Here, MedInc likely stands out, followed by Latitude and AveRooms. Population or AveOccup might have smaller coefficients.


Full Summary

  1. Data Preparation:

    • We selected the 8 features [MedInc, HouseAge, AveRooms, AveBedrms, Population, AveOccup, Latitude, Longitude] and the target (MedHouseVal).
    • We applied 0–1 normalization to all.
    • Split 70/30 using train_test_split with random_state=265.
  2. SGD Implementation (from scratch):

    • Created an augmented design matrix to incorporate bias.
    • Iteratively updated weights sample by sample.
  3. Best Parameters:

    • Found by minimizing the MSE via multiple epochs.
    • Final weights are in w_final.
  4. Interpretation:

    • By looking at the magnitude and sign of the learned weights, we see which features (in scaled domain) correlate strongest with house prices.
    • Typically, Median Income is the strongest positive driver of house value.
    • Geographical location (latitude/longitude) also often has a strong effect.
  5. Performance:

    • Report both training MSE and test MSE.
    • If test MSE is close to training MSE, the model generalizes well.
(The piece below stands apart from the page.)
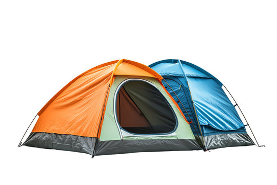 Two colorful camping tents in an outdoor setting, showing vibrant orange and blue colors, ideal for camping enthusiasts and outdoor adventures.
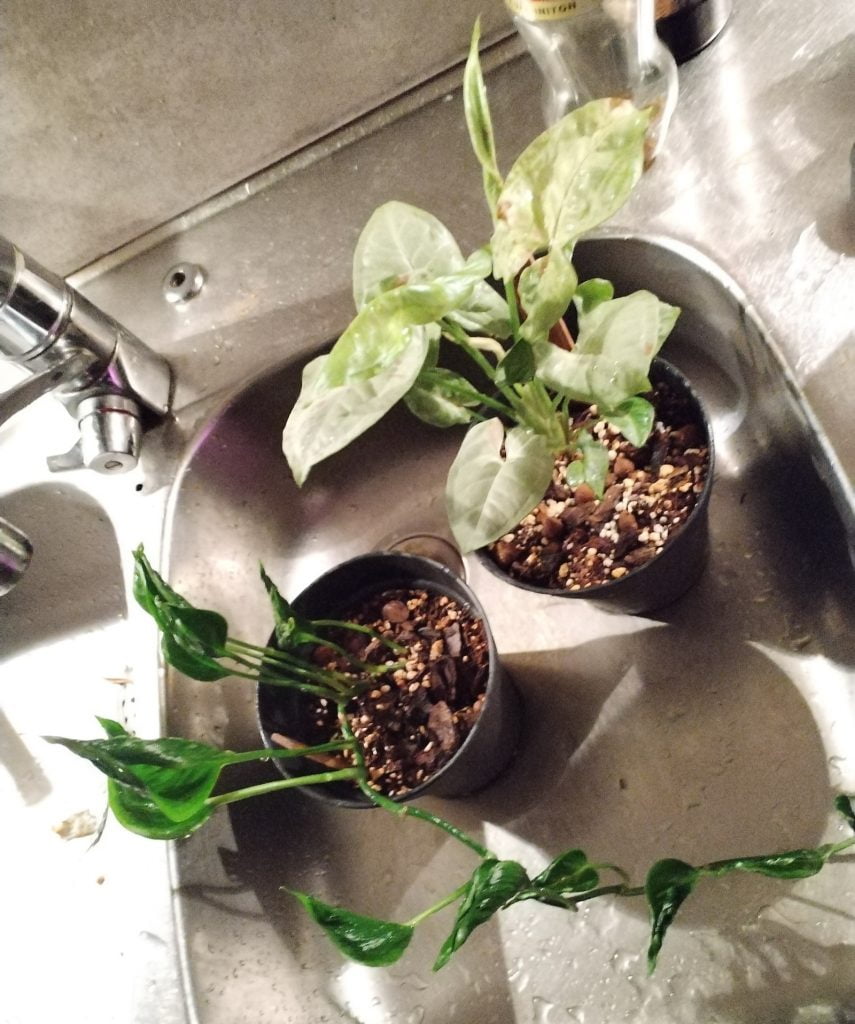 Isommat kasvit kuljetin kylpyhuoneeseen ja pienemmät pesin keittiön lavuaarissa. Avukseni otin muovisen laatikon, jolla sain vietyä kylpyhuoneeseen 6-8 kasvia kerrallaan. Laatikko nopeutti jonkin verran kasvien siirtelyä. Suihkussa laskettelin kädenlämpöistä vettä pienimmällä mahdollisella paineella. Joitain kasveja jouduin kannattelemaan pystyssä suihkun aikana, sillä veden paine ja paino lehdillä taivuttaa helposti kasvia. Taipuisimmat laitoin nojaamaan seiniä vasten ennen suihkua.

This completes the assignment’s requirements: we used no direct optimization package, we performed SGD from scratch, normalized features, and reported/interpreted results.


Potential Next Steps / Checks

  • You may experiment with different learning rates (0.001, 0.005, 0.01, 0.05, etc.) or different epochs to see how quickly the MSE converges and to avoid overshooting.
  • You could also do “mini-batch” SGD (e.g., batch size = 32 or 64) instead of pure SGD.
  • Because the data is normalized, a moderate learning rate often works well.

Done! You now have a fully operational stochastic gradient descent pipeline for linear regression on the California Housing dataset, and you’ve explored which features matter most for predicting house prices.